The Lotosaurus site was once believed to have been as old as the Anisian stage of the early Middle Triassic, about 245-237 million years ago. However, a 2018 analysis suggested a younger date based on Uranium-Lead dating from 189 sampled Zircon grains. The youngest grain sampled gave a date of 225.6 mya, in the early Norian stage of the Late Triassic. However, this grain is a lone outlier in the sample, indicating that it may have leaked lead. Using the next youngest grains, which were clustered in a set and probably more reliable, the weighted mean age of the bonebed was found to be either 238.9 to 229.3 mya (considering the lower intercept of the U-Pb graph), or 244.3 to 228.3 mya (considering the mean age of the youngest cluster of grains). Of these two options, the former has less deviation between ages and may be more accurate. Regardless, the age of the bonebed has only a small chance of belonging to the Anisian stage, and the Lotosaurus specimens which died within the bonebed were more likely to have been alive during the Ladinian or Carnian stages of the Late Middle Triassic or early Late Triassic. A subsequent 2019 study weighted mean age of 238.0 ± 1.4 Ma (Ladinian) as the maximum depositional age for the sandstones preserving fossils of Lotosaurus.

The Lotosaurus site was once near the northern shore of the South China Craton, a subcontinent which drifted through Tethys ocean during the Middle Triassic. The South China Craton collided with the North China Craton and the rest of Laurasia at approximately the same time as some of the estimated ages of the site. As a result, it cannot be determined if Lotosaurus was endemic to the SCC while the subcontinent remained an island, or immigrated to the SCC from the NCC after the two merged. Considering that close relatives of Lotosaurus (the shuvosaurids) lived in other regions of Pangaea around that time, the latter hypothesis is currently believed to be more likely. The mineral and microfossil composition of the site suggests that it was a subtropical environment, with pronounced wet and dry seasons. The bonebed in particular would have been part of a floodplain or stream according to ripple marks within the rocks.
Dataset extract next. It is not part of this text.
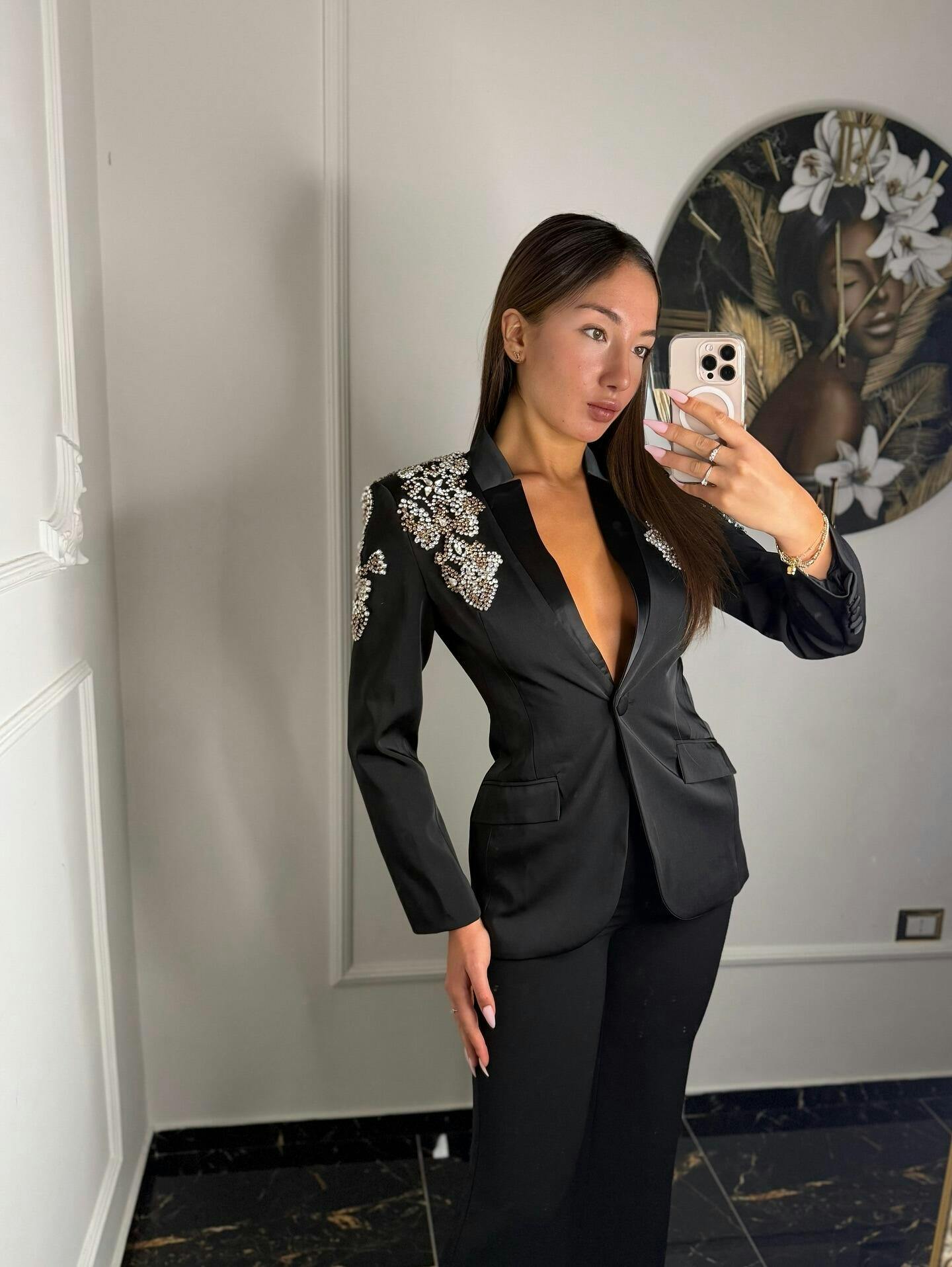 Zweiteiliges Set aus Blazer mit V-Ausschnitt und Schlitzhose mit Strass

The large number of individuals within a small area indicate that all of the animals died at around the same time. However, their bones are well preserved and minimally scattered, indicating that the cause of death was not a catastrophic event such as a flood or mudslide. It has been suggested that the group perished due to thirst or sickness during the dry season, perhaps while gathered around an evaporating or contaminated watering hole. Their rotting carcasses would have soon afterwards been covered in water and sediment upon the arrival of the wet season, which would explain the apparent but slight scattering of bones.